– Ты можешь шутить, сколько хочешь, но это действительно так. Я не каждый день хожу в церковь, а в монастыре вообще никогда не была.

– Мне повезло. – Он подошёл сзади и коснулся губами её затылка. – Хотя представил тебя в наряде монашки… И грешные мысли…

– Прекрати. – Она оттолкнула его нагло двигающуюся в направлении груди руку. – Это богохульство.

– Какое же это богохульство? Бог сам сказал людям: «плодитесь и размножайтесь».

Лена повернулась к Сергееву и внимательно посмотрела ему в глаза.

– Вот уж не ожидала… Неужели на спортивных каналах богословию учить стали.

– На спортивных не стали, это я в рекламной паузе на канал «Спас» попал. Фраза понравилась, потому и запомнилась.

– Ну, хоть какая-то польза от твоей дурацкой привычки щёлкать кнопками на пульте.

– Вот, видишь? А тебя раздражает.

– Не раздражает, просто не пойму, какой в этом смысл.

– А вот такой, – он удовлетворённо хмыкнул и посмотрел на часы. – Поторопись, а то твой друг заждался.

Перебрав ворох одежды, она наконец отобрала длинную, почти до пят юбку, которую надевала последний и кажется единственный раз сто лет назад. Юбка была широкой, с запахом, из голимой синтетики. Она электризовалась и липла к телу, путалась в ногах, громко потрескивая и искря разрядами. Десять лет назад это был писк моды. С тех пор свёрнутая в рулон, больше похожий на смятый комок, юбка валялась в углу шкафа и ждала своего коронного выхода в свет. И дождалась.

– Блин, надо же ещё платок! – запаниковала Лена.

– Точно! Без платка, даже в этой юбке, ты вряд ли за бабульку сойдёшь.

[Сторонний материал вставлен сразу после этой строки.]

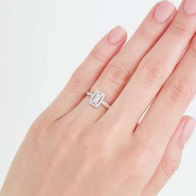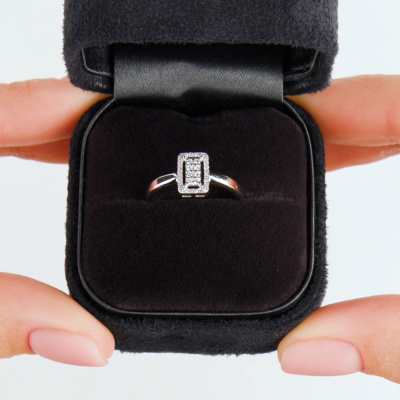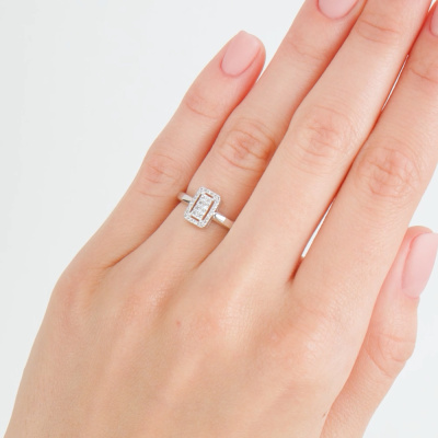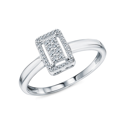 Кольцо с 8 бриллиантами природными, 0.05 карат, огранка круг 57 граней, цвет 3, чистота 6, тип огранки А; 26 бриллиантами природными, 0.04 карат, огранка круг 17 граней, цвет 2, чистота 3, тип огранки А; Белое золото 585 пробы.

– Не смешно, – Лена нахмурила брови. – Ты ничего не понимаешь, нельзя женщине в храм с непокрытой головой.

– Так иди в беретике своём?

– Красном? – Лена поморщилась, вспомнив, как судмедэксперт Волков, увидев её в беретке, обозвал Чегеварой, испортив всё удовольствие от обновки.

– Слушай, может тебе вообще туда не заходить, пусть твой одноклассник один сходит, сделает что нужно, а мы его в машине подождём.

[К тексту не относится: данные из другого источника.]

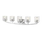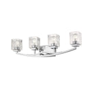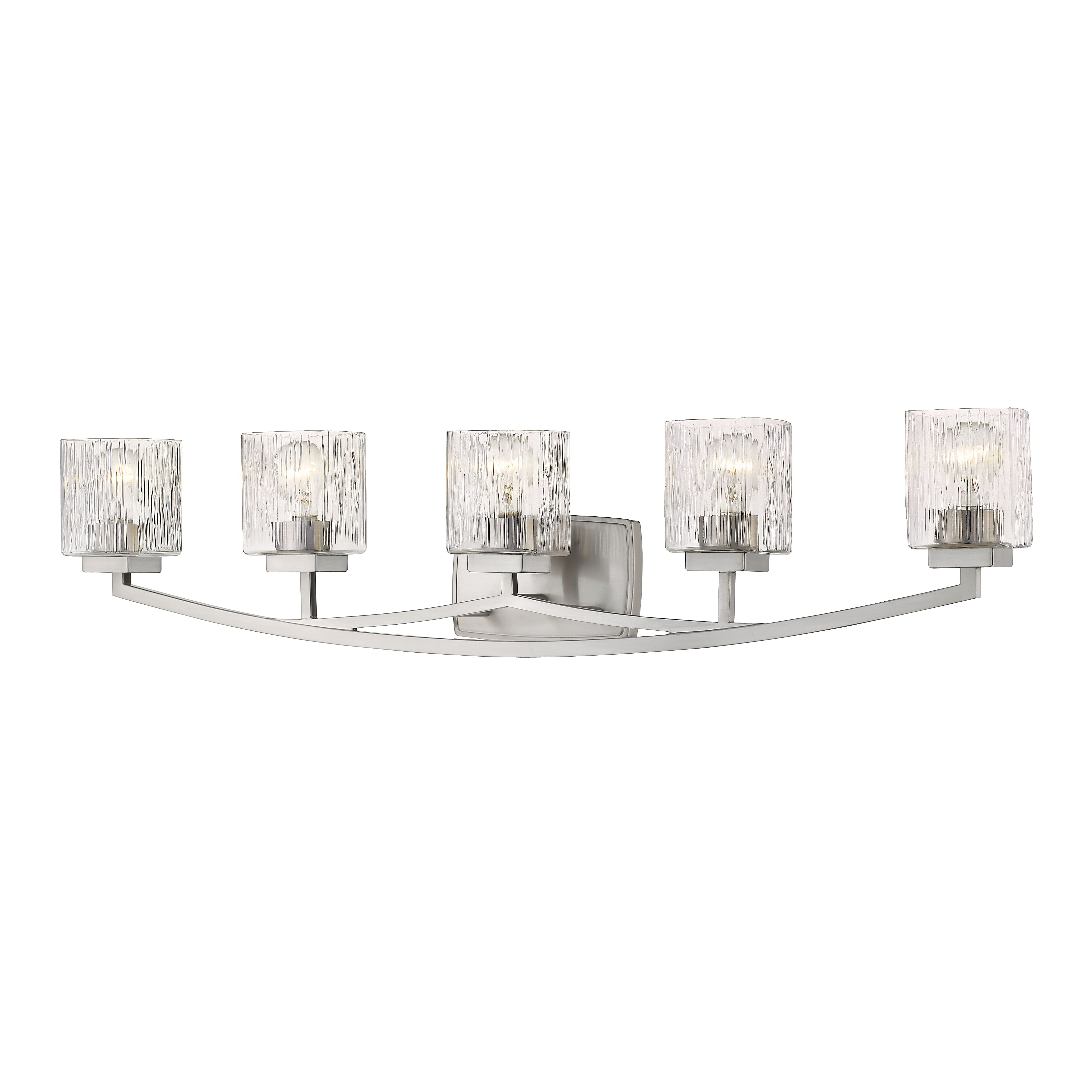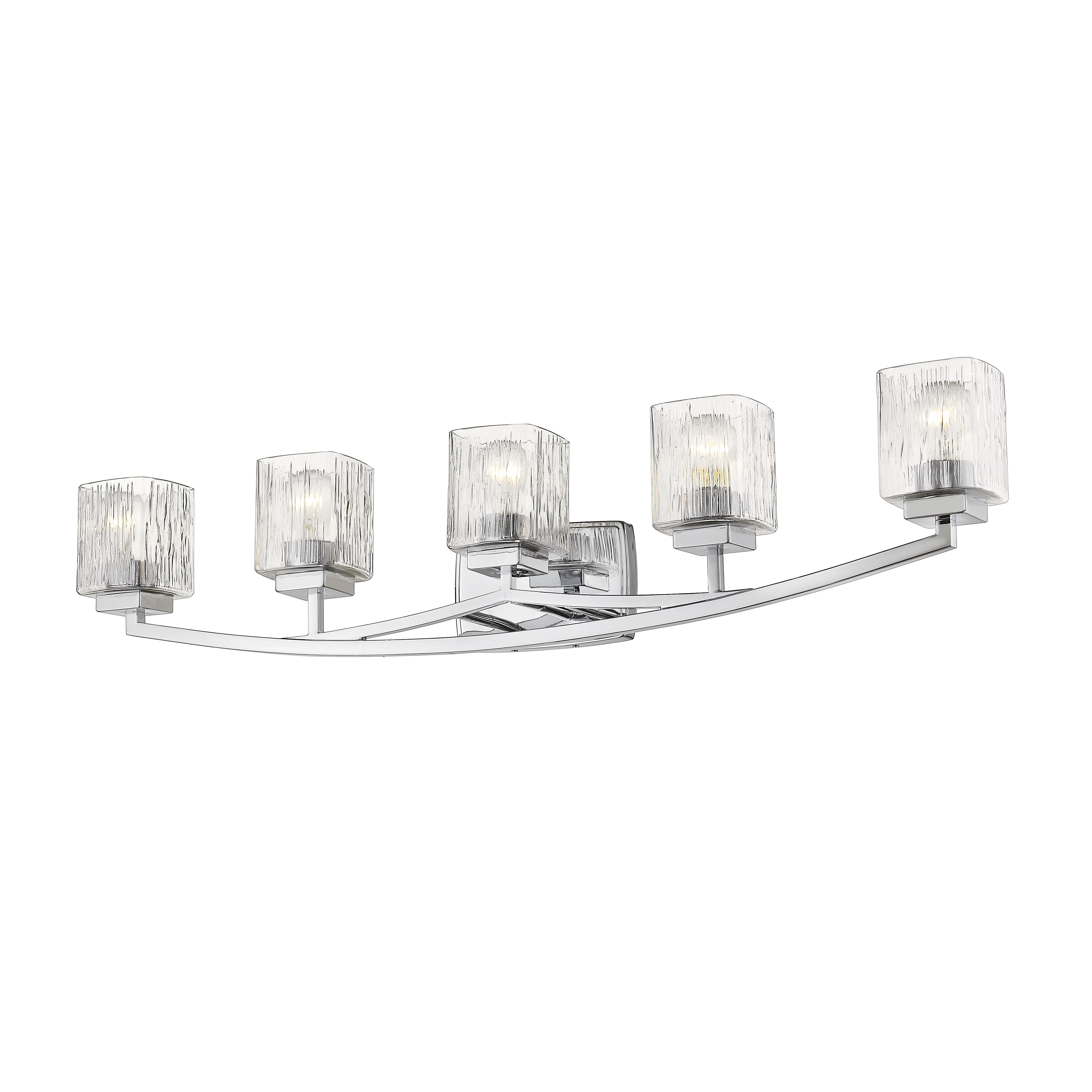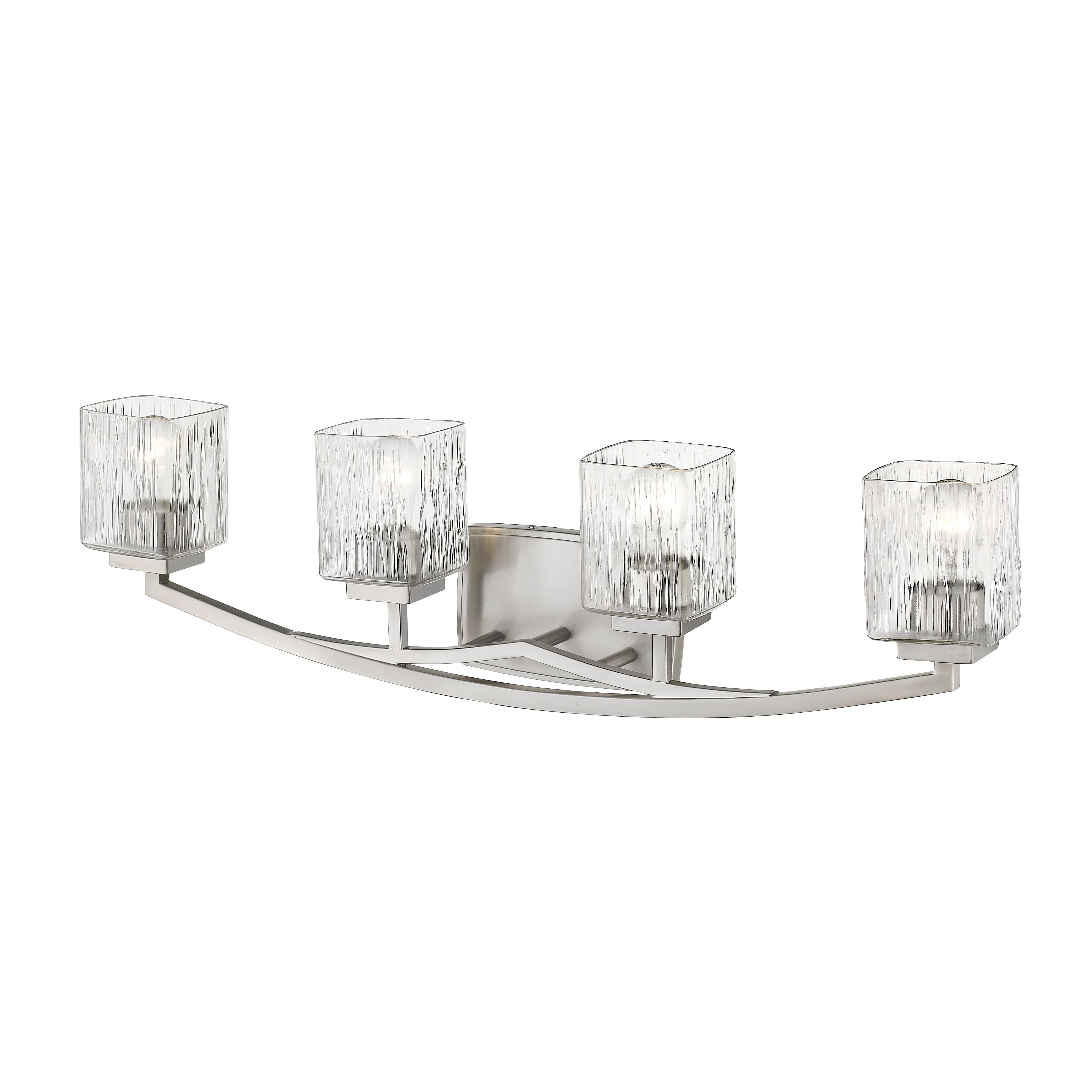 The Zaid collection of contemporary bath fixtures are defined by the gentle curve of the fixture arm paired with the finely variegated detail of the Clear glass shades. These contemporary fixtures are offered in many sizes and a choice finishes which include Bronze, Brushed Nickel, or Chrome.

– Нет уж. Я тоже пойду, мне надо.

– Тебе зачем?

– Затем. А ты можешь не ходить.

– Ну уж нет. Я тогда тоже пойду, а то вдруг ты решишь в монашки податься. Что-то меня пугает твой решительный настрой.

– О! Я знаю… У меня же шарфик есть… Я же его зачем-то вместе с остальным барахлом купила. – Лена перерыла разноцветную стопку обновок и выудила тонкий шёлковый шарф. – Правда, он леопардовый…

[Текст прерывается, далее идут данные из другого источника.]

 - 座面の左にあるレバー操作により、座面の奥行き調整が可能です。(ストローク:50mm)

– Вот и хорошо! Может, не примут тебя в монашки. Всё, поехали.


***


Тихая благодать. Снежинки в пчелином полёте медленно опускаются на головы пришедших поклониться мощам святой Матроны Московской. Здесь всегда очередь, в любой день, в любое время. Кроме ночи. Часть людей идет сразу к иконе, той, что на улице с другой стороны храма, там очередь меньше и движется быстрее.

Они стали в очередь подлиннее, в ту, что к мощам. Ещё на входе у женщины с оливковыми глазами купили жёлтые хризантемы.

– Матронушка любила жёлтые, – поведала женщина, протягивая букетик последних, доживших до заморозков, цветов. – Если идёте к мощам, то на выходе не забудьте подойти к матушке, она вам даст цветочек. Он был приложен к мощам, заберите его с собой и храните дома. Записочку с просьбой лучше написать заранее, кинете её в ящик, что находится рядом с серебряной гробницей.

Очередь из паломников огибала храм зигзагообразной спиралью.

– Вот это да! Ты уверен, что успеешь до самолёта? – окинув взглядом толпу, с сомнением в голосе спросил Сергеев. – Может лучше к иконе.

В ответ Генка растерянно посмотрел на Лену.

– Успеете, – раздалось сзади.

Лена обернулась и с интересом посмотрела на трёх тесно стоящих друг к другу женщин. Их руки были сцеплены в локтях. Две, стоящие по бокам, были невысокого роста и плотного телосложения. Та, что между ними, была выше и намного моложе. Троица показалась Лене забавной. Напоминала картину задержания.